Mapping the neuronal functional architecture underlying appetite control in humans at the extremes of bodyweight

Obesity is a growing public health problem.

While our changing lifestyle and environment have undoubtedly driven this increase, there is a powerful genetic component that underlies the large variation in human body shape and size in this modern environment.

Understanding the mechanisms controlling feeding behaviour that lead to this variability in body-weight will be important in informing any strategy to improve our health in this current food environment.

While the preferred model in which to study food intake is clearly in humans, the fact that genetic studies point to a region in the brain called the hypothalamus as having a crucial role in modulating appetite has limited the mechanistic insights achievable through human research.

The inaccessibility of the human hypothalamus has, to date, meant our understanding of brain circuits controlling food intake has emerged primarily from mouse studies.

However, a recent important collaboration with the MRC Brain Bank Network, has allowed us access to fresh human donor brain samples.

These precious samples, coupled with recent developments in single-cell sequencing and in technologies allowing us to visualize single-molecules using fluorescence, have provided us the opportunity to map the functional architecture of the human hypothalamus underlying appetitive behaviour.

Over the past three years, we have generated a database of more than 350,000 human hypothalamic cells from eight normal weight donors. This unique resource, even as a work in progress, is already unparalleled in its scope and size.

Of interest in of itself, the long-term value of this data, given the role of the hypothalamus in maintaining energy balance, is as a baseline to study this brain region in states of energy imbalance.

Building on our growing database, as well as the methodologies and expertise we have accrued, we will map the hypothalamic functional architecture underlying food intake control in the underweight and overweight human brain.

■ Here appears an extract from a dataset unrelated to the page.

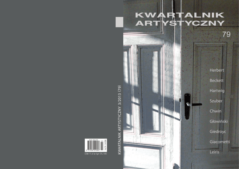 79 Herbert INDEKS 36294 CENA 1 1 zł (w tym 5% VAT) KWARTALNIK AR TYSTYCZNY 3/2013 (79) Beckett Hartwig Szuber Chwin Głowiński Giedroyc Giacometti Leiris ZESPÓŁ: Adam Bednarek, Jan Błoński , Stefan Chwin, Aleksander Fiut, Michał Głowiński, Marek Kędzierski, Julian Kornhauser, Leszek Szaruga REDAKCJA: Krzysztof Myszkowski – redaktor naczelny Paweł Tański – sekretarz redakcji Barbara Dąbrowa – biuro redakcji 3 /2013 79 K U J A W Y Zbigniew Herbert Samuel Beckett Julia Hartwig Julia Hartwig Janusz Szuber Stefan Chwin Bogusław Kierc Michał Głowiński Jacek Łukasiewicz I P O M O R Z E 6 11 21 22 23 35 39 53 54 55 57 68 69 70 R O K Kamień w Jeruzalem Nienazywalne (fragment) Odjęta była jedyność Tylko współczesny artysta Dziennik (fragment) Siedem miniatur dla Leszka Rózgi Ukrainki (fragment powieści) Niby Rdz 32, 25–31 // Ta kartka Przelotne // Cavallini Wróble Wędrówka Ciała (ekspozycja) Abraham Corneliusz Begayn (1635 Lejda–1657 Berlin): Stilleben mit Distel und Vogel Hendrick Avercamp (1585–1634) Kupferstichkabinett, Kolorowe rysunki (wystawa) MOI MISTRZOWIE Janusz Szuber 71 Leszek A. Moczulski 73 Renata Gorczyńska 74 Jerzy Giedroyc Kazimierz Brakoniecki 79 104 105 Listy do Renaty Gorczyńskiej Stopy Jezusa na sklepieniu kościoła ewangelickiego w Sorkwitach // Do Wenus i Jowisza Czaple kołujące nad jeziorem Kielarskim PO CO LITERATURA? Kazimierz Brakoniecki 106 108 Krzysztof Lisowski Krystyna Rodowska 109 X X Agnieszka Kosińska Krystyna Rodowska Iwona Smolka Susana Szwarc Ivan Oñate Paweł Tański Krzysztof Lisowski Janusz Skuczyński Piotr Piaszczyński Alberto Giacometti Michel Leiris Stefan Chwin Michał Głowiński Krzysztof Myszkowski Leszek Szaruga Piotr Szewc Julia Hartwig Piotr Sobolczyk Maciej Wróblewski Anna Nasiłowska Noty o autorach Noty o książkach Nowe książki 113 120 121 122 123 131 133 134 135 137 143 144 145 147 160 161 Czas i los (fragment) Arcanum Kot Dialogu // Paradoks królem Bez wydruku // Krotochwila Na uwięzi rzeczy niewidzialnych Na straży Psychoanaliza szczęścia Kości Cezara Vallejo Ars Poetica U podstaw liryki Władysława Sebyły Kenoma Noc w zimie O czym będziemy rozmawiać przy Wigilii? W stronę pytań o wspólnotę Stille Nacht // Kościół sióstr Klarysek w Kolonii Apocalypse Now! 163 173 Trzy teksty Alberto Giacometti VARIA 176 180 183 192 197 RECENZJE 203 206 214 219 229 232 246 Wprowadzenie do dyskusji „Zło – doświadczenie i literatura” Małe szkice Addenda (30) Jazda (27) Z powodu i bez powodu (32) Celan Krynickiego Gombrowicz bez marynarki i z marynarzem Dar życia i „grzech istnienia” Herbert – przyjaciel Dnia 15 sierpnia 2013 roku zmarł w Nicei ś p. Sławomir Mrożek pisarz R. I. P. Michał Kapitaniak ZBIGNIEW HERBERT Kamień w Jeruzalem Obojętny wobec losów swoich doczesnych członków zupełnie obojętny wobec losów pozostawionych w nieładzie rękopisów chciałbym jeśli to nie za duży zaszczyt mieć grób w Jeruzalem wśród oliwek innych kamieni na pagórku na pokuszenie słońca niech jeśli łaska zjawią się na pogrzeb Dawid mój 6 cierpliwy nauczyciel mowy proroków a także Jehuda poeta lew Judei mój brat Dan nie przyjdzie bo umarł a zatem jest mi bliski na wieczność a także paru przyjaciół z Polski proszę o kadisz w mowie moich przodków mego przyjaciela Ala niech powie z pamięci jeśli łaska poeta Rühmkorf z Hamburga niech odczyta w swojej zimnej pracowni na ostatnim piętrze brzydkiej kamienicy swój wiersz …………………. poeta Josif Brodski niech [się] weseli i życzy mi spokoju 7 Kasię – która była mi wierna niech da św. Annie Boskiej na chleb dla ubogich bo nie czyniłem [tego?] za życia dostatecznie często myślę że nie pominąłem nikogo Do druku podał Ryszard Krynicki © Copyright by Katarzyna Herbert i Halina Herbert-Żebrowska Archiwum Zbigniewa Herberta – w posiadaniu Biblioteki Narodowej w Warszawie 8 Nota Brulion (jedyny zachowany autograf) wiersza Kamień w Jeruzalem znajduje się w Notatniku 141 (strona 43), opisanym na okładce ręką poety: 1990/91 VIII Paryż / BERLIN NIZZA. Poza datą „1990” opis jest prawie nieczytelny, zapewne dlatego Inwentarz Archiwum Zbigniewa Herberta jedynie ją podaje w opisie. Zresztą sam rękopis jest na tyle trudno czytelny, że tytułu: Kamień w Jeruzalem nie ma w Indeksie utworów Zbigniewa Herberta. W notatniku ten niedokończony wiersz znajduje się pomiędzy rękopisami utworów Contra Augustinum Pontificem In Terra Nubica Percatorem In Purgatorio (napisanego w Ferrarze 20/21 X 1990) i Rovigo, napisanego również w październiku tego roku, podczas dwudziestodniowej (sądząc z zapisu na stronie 49 verso) podróży poety po Włoszech. Można by z tego wnioskować, iż Kamień w Jeruzalem został napisany także w tym czasie, chociaż bardziej prawdopodobne wydaje mi się, że powstał raczej w czasie podróży Herberta do Jerozolimy (koniec kwietnia/maj 1991 roku) lub wkrótce po powrocie do Paryża, latem tego roku, podobnie jak pozostały także jedynie w rękopisie utwór *** (Szukam wierszy Dana Pagisa...) (zob. Utwory rozproszone/Rekonesans, s. 280 oraz przypis, s. 411). Dawid – to jak łatwo się domyślić David Weinfeld, tłumacz poezji autora Pana Cogito na język hebrajski; Jehuda i Dan to Jehuda Amichaj (1924–2000) oraz Dan Pagis (1930–1986), izraelscy poeci, bliscy Herbertowi. Al – to zapewne Aleksander Schenker, adresat dedykacji w wierszu Mitteleuropa w tomie Rovigo, w którym mogłyby się znaleźć również utwory *** (Szukam wierszy Dana Pagisa...) i Kamień w Jeruzalem, gdyby zostały ukończone. Natomiast „poeta Rühmkorf z Hamburga” to oczywiście Peter Rühmkorf (1929–2008), niemiecki poeta i eseista, w Polsce, jak dotąd, mało znany. R.K. 9 Marek Kędzierski SAMUEL BECKETT Nienazywalne1 (fragment) w przekładzie Marka Kędzierskiego Nie będę sam, na początku. Rzecz jasna, jestem sam. Sam. Krótkie słowo. Prędko się mówi. T

Continuing our fruitful collaboration with the MRC Brain Bank Network, we will profile the hypothalami of donors at both extremes of bodyweight.

Our goal for a comprehensive human hypothalamic atlas across the weight spectrum will be of utility to basic and translational researchers attempting to better understand the fundamental nature of regulation of energy balance by the hypothalamus. The eventual goal will be to find a way to manipulate these systems to improve the health of the population.